■ What is required
Once the pictures are set aside, reproduce all of the records exactly.
***** Records
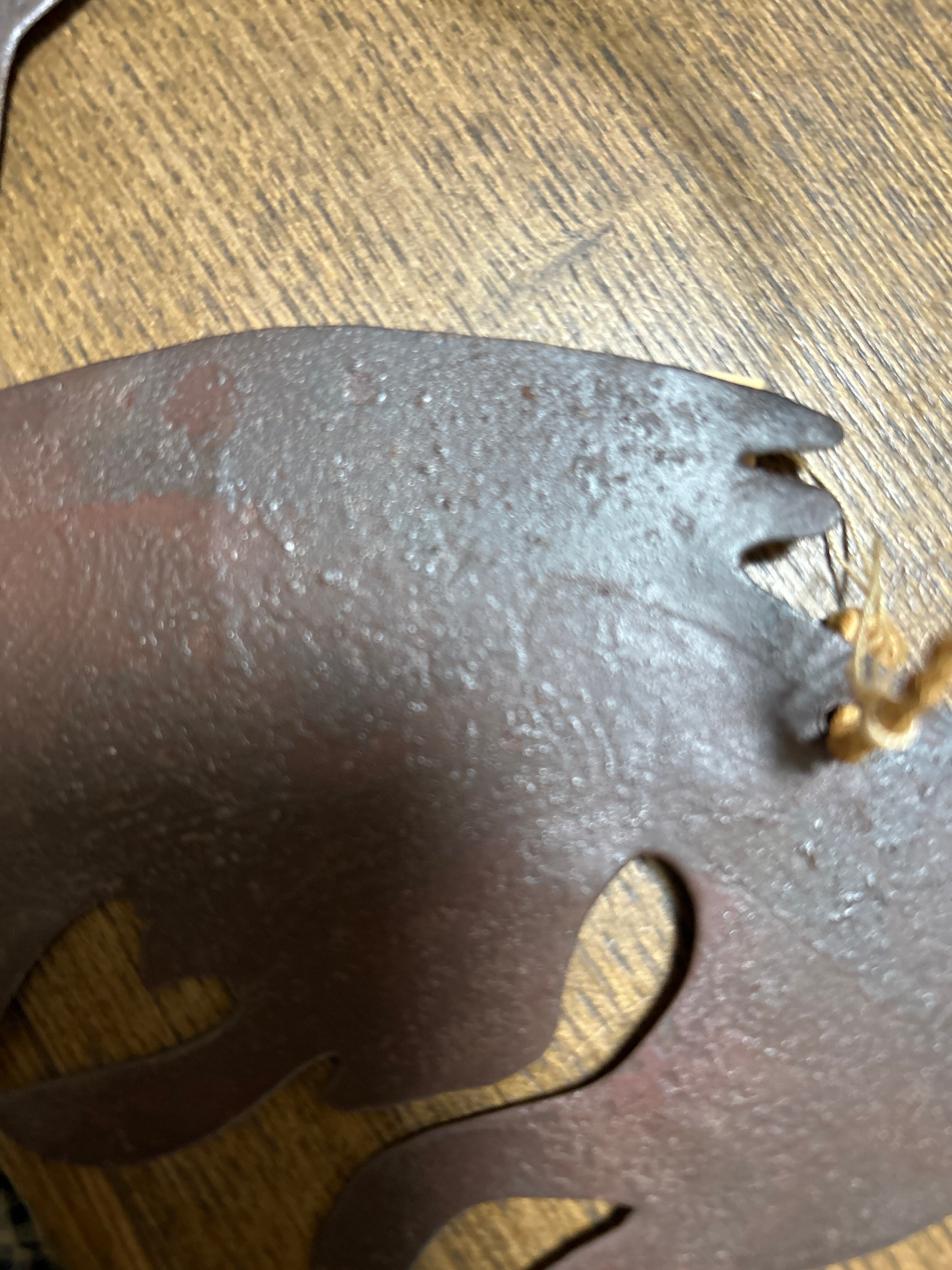 薄い鉄板で出来ています。色ムラやザラザラ凹みがありますが古さを出しているため、ご了承ください
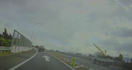 千葉県の高速宮野木JCTで京葉道路から東関東道に合流した際、本線から黄色く長い荷物を運転席に斜めに立てかけたトラックが走ってきた。
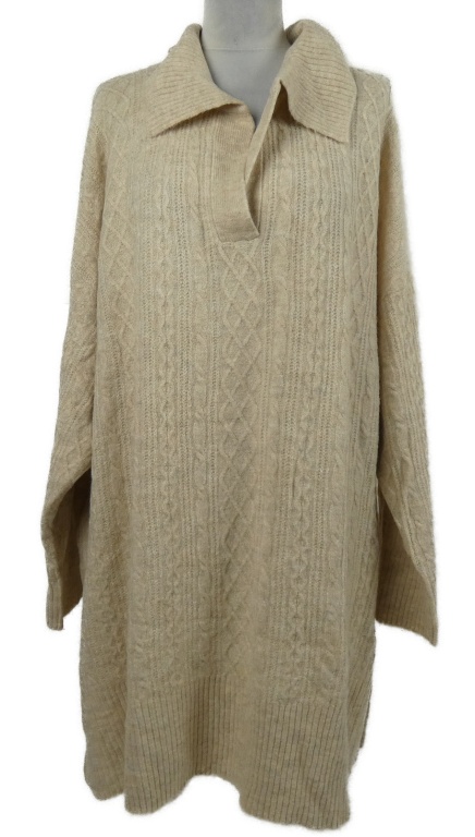 • Dámska béžová vzorovaná svetrová tunika s golierikom Peacocks
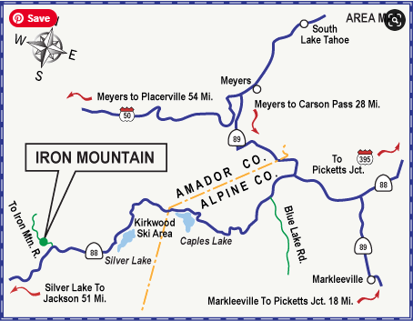 Iron Mountain is located on the north side of Highway 88 at the Mormon-Emigrant Trail Road.
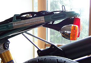 A quick turn-signal check verifies that I've got it right and all is well. The bike looks more compact and even lighter somehow (ok, it actually is but only by 3 pounds). Cool. The whole procedure takes about a half hour with no visible mods to any stock parts, with all stock hardware. Highly recommended to anyone who owns one of the Sport Classics. It's easy, it's reversible and it's free :)
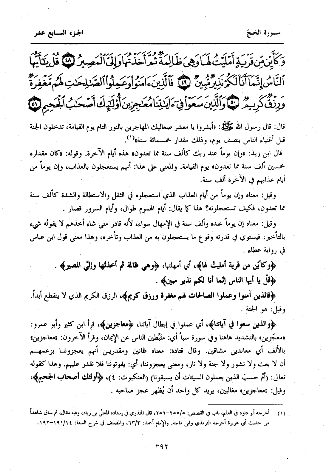 {وَكَأَيِّنْ مِنْ قَرْيَةٍ أَمْلَيْتُ لَهَا} أَيْ أَمْهَلْتُهَا، {وَهِيَ ظَالِمَةٌ ثُمَّ أَخَذْتُهَا وَإِلَيَّ الْمَصِيرُ} . {قُلْ يَا أَيُّهَا النَّاسُ إِنَّمَا أَنَا لَكُمْ نَذِيرٌ مُبِينٌ} . {فَالَّذِينَ آمَنُوا وَعَمِلُوا الصَّالِحَاتِ لَهُمْ مَغْفِرَةٌ وَرِزْقٌ كَرِيمٌ} الرِّزْقُ الْكَرِيمُ الَّذِي لَا يَنْقَطِعُ أَبَدًا. وَقِيلَ: هُوَ الْجَنَّةُ. {وَالَّذِينَ سَعَوْا فِي آيَاتِنَا} أَيْ عَمِلُوا فِي إِبْطَالِ آيَاتِنَا، {مُعَاجِزِينَ} قَرَأَ ابْنُ كَثِيرٍ وَأَبُو عَمْرٍو: "مُعَجِّزَيْنِ" بِالتَّشْدِيدِ هَاهُنَا وَفِي سُورَةِ سَبَإٍ أَيْ: مُثَبِّطِينَ النَّاسَ عَنِ الْإِيمَانِ، وَقَرَأَ الآخرون: "معاجزين" بالأف أَيْ مُعَانِدِينَ مُشَاقِّينَ. وَقَالَ قَتَادَةُ: مَعْنَاهُ ظَانِّينَ وَمُقَدِّرِينَ أَنَّهُمْ يُعْجِزُونَنَا بِزَعْمِهِمْ أَنْ لَا بَعْثَ وَلَا نُشُورَ وَلَا جَنَّةَ وَلَا نَارَ، وَمَعْنَى يُعْجِزُونَنَا، أَيْ: يَفُوتُونَنَا فَلَا نَقْدِرُ عَلَيْهِمْ. وَهَذَا كَقَوْلِهِ تَعَالَى: {أَمْ حَسِبَ الَّذِينَ يَعْمَلُونَ السَّيِّئَاتِ أَنْ يَسْبِقُونَا} (الْعَنْكَبُوتِ: 4) ، {أُولَئِكَ أَصْحَابُ الْجَحِيمِ} وَقِيلَ: "مُعَاجِزِينَ" مُغَالِبِينَ، يُرِيدُ كُلُّ وَاحِدٍ أَنْ يُظْهِرَ عَجْزَ صَاحِبِهِ.
**********
■ Answer to the exercise
 薄い鉄板で出来ています。色ムラやザラザラ凹みがありますが古さを出しているため、ご了承ください
 千葉県の高速宮野木JCTで京葉道路から東関東道に合流した際、本線から黄色く長い荷物を運転席に斜めに立てかけたトラックが走ってきた。
 • Dámska béžová vzorovaná svetrová tunika s golierikom Peacocks
 Iron Mountain is located on the north side of Highway 88 at the Mormon-Emigrant Trail Road.
 A quick turn-signal check verifies that I've got it right and all is well. The bike looks more compact and even lighter somehow (ok, it actually is but only by 3 pounds). Cool. The whole procedure takes about a half hour with no visible mods to any stock parts, with all stock hardware. Highly recommended to anyone who owns one of the Sport Classics. It's easy, it's reversible and it's free :)
 {وَكَأَيِّنْ مِنْ قَرْيَةٍ أَمْلَيْتُ لَهَا} أَيْ أَمْهَلْتُهَا، {وَهِيَ ظَالِمَةٌ ثُمَّ أَخَذْتُهَا وَإِلَيَّ الْمَصِيرُ} . {قُلْ يَا أَيُّهَا النَّاسُ إِنَّمَا أَنَا لَكُمْ نَذِيرٌ مُبِينٌ} . {فَالَّذِينَ آمَنُوا وَعَمِلُوا الصَّالِحَاتِ لَهُمْ مَغْفِرَةٌ وَرِزْقٌ كَرِيمٌ} الرِّزْقُ الْكَرِيمُ الَّذِي لَا يَنْقَطِعُ أَبَدًا. وَقِيلَ: هُوَ الْجَنَّةُ. {وَالَّذِينَ سَعَوْا فِي آيَاتِنَا} أَيْ عَمِلُوا فِي إِبْطَالِ آيَاتِنَا، {مُعَاجِزِينَ} قَرَأَ ابْنُ كَثِيرٍ وَأَبُو عَمْرٍو: "مُعَجِّزَيْنِ" بِالتَّشْدِيدِ هَاهُنَا وَفِي سُورَةِ سَبَإٍ أَيْ: مُثَبِّطِينَ النَّاسَ عَنِ الْإِيمَانِ، وَقَرَأَ الآخرون: "معاجزين" بالأف أَيْ مُعَانِدِينَ مُشَاقِّينَ. وَقَالَ قَتَادَةُ: مَعْنَاهُ ظَانِّينَ وَمُقَدِّرِينَ أَنَّهُمْ يُعْجِزُونَنَا بِزَعْمِهِمْ أَنْ لَا بَعْثَ وَلَا نُشُورَ وَلَا جَنَّةَ وَلَا نَارَ، وَمَعْنَى يُعْجِزُونَنَا، أَيْ: يَفُوتُونَنَا فَلَا نَقْدِرُ عَلَيْهِمْ. وَهَذَا كَقَوْلِهِ تَعَالَى: {أَمْ حَسِبَ الَّذِينَ يَعْمَلُونَ السَّيِّئَاتِ أَنْ يَسْبِقُونَا} (الْعَنْكَبُوتِ: 4) ، {أُولَئِكَ أَصْحَابُ الْجَحِيمِ} وَقِيلَ: "مُعَاجِزِينَ" مُغَالِبِينَ، يُرِيدُ كُلُّ وَاحِدٍ أَنْ يُظْهِرَ عَجْزَ صَاحِبِهِ.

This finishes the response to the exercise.